Finding means of multi-modal Gaussian distribution

# Finding means of multi-modal Gaussian distribution

## Need to find the means of the multi-modal normal distribution

• In our day to day lives, we encounter many situations where data is generated with multiple peaks(modes).
• One such problem would be the identification of peak hour times in a public transport systems like metro or buses.
• We need to identify these peaks so that we can target increasing the frequencies of the buses/trains during the peak hours.

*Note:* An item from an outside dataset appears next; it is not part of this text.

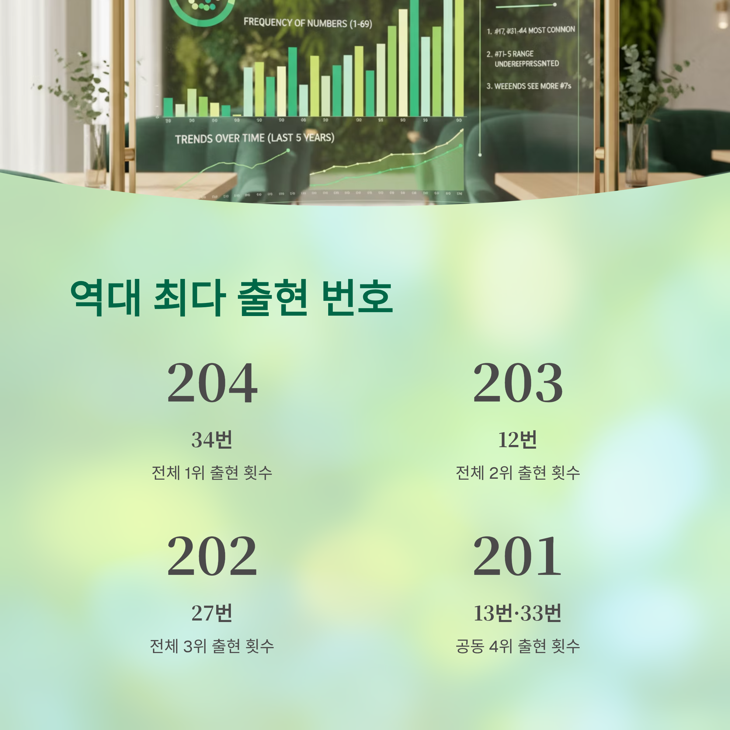 역대 로또 당첨번호 중 가장 많이 출현한 숫자들을 살펴보면 흥미로운 패턴이 보입니다.

## Generating random data with multiple peaks

Use the below code to generate multi-modal gaussian distributions

``````%matplotlib inline

import numpy as np
import pandas as pd

# Generating multiple gaussians
distribution1 = np.random.normal(loc=0,scale=1.0,size=(300))
distribution2 = np.random.normal(loc=5,scale=1.0,size=(300))
distribution3 = np.random.normal(loc=10,scale=1.0,size=(300))
distribution4 = np.random.normal(loc=15,scale=1.0,size=(150))
distribution5 = np.random.normal(loc=-10,scale=1.0,size=(10))

combined_distribution = np.concatenate([distribution1,distribution2,distribution3,distribution4,distribution5])

combined_data_dataframe = pd.DataFrame(combined_distribution)
combined_data_dataframe.plot(kind='kde')
`````` As you can see, we have created a random gaussian data with multiple means of `0,5,10,15 and -10`

## What happens if we,just calculate the mean?

``````print(combined_distribution.mean())
>>> 6.314271309260518
``````

As you can see, the mean does not represent the peak due to multi-modality of the data.

Hence, to find multiple peaks programatically, we use one of the mixture models available in the `scikit-learn` package called `GaussianMixtureModel`

## Why a mixture model?

• These models are based on the assumption that, there is a presence of another subpopulation within the main population.
• Can approximate the subpopulations while being not computationally heavy for mid sized data (100's of thousands).
• In case of a huge data, approximations about data can be made by sampling a small sample of data randomly and fitting the model on these samples. [See Central Limit Theorem]

Now, the code for it

``````from sklearn.mixture import GaussianMixture
mixture_model = GaussianMixture(n_components=5)
mixture_model.fit(combined_distribution.reshape(-1,1))
print(mixture_model.means_.astype(np.int32).reshape(-1))
print(mixture_model.weights_.reshape(-1))
>>> [14  5 10 -9  0]
>>> [0.1417197  0.28217055 0.2822368  0.00943396 0.28443898]
``````
• We can combine use these weights as a representation of the density of the data at the peak.
• In order to automatically determine the peaks, we can use a variation of gaussian mixture called `BayesianGaussianMixture` along with the `means_` and `degrees_of_freedom_` attribute to select the proper peaks
• Alternative we can use the `scipy.stats.gaussian_kde` to find the density, but it smooths out the lower density values more than necessary.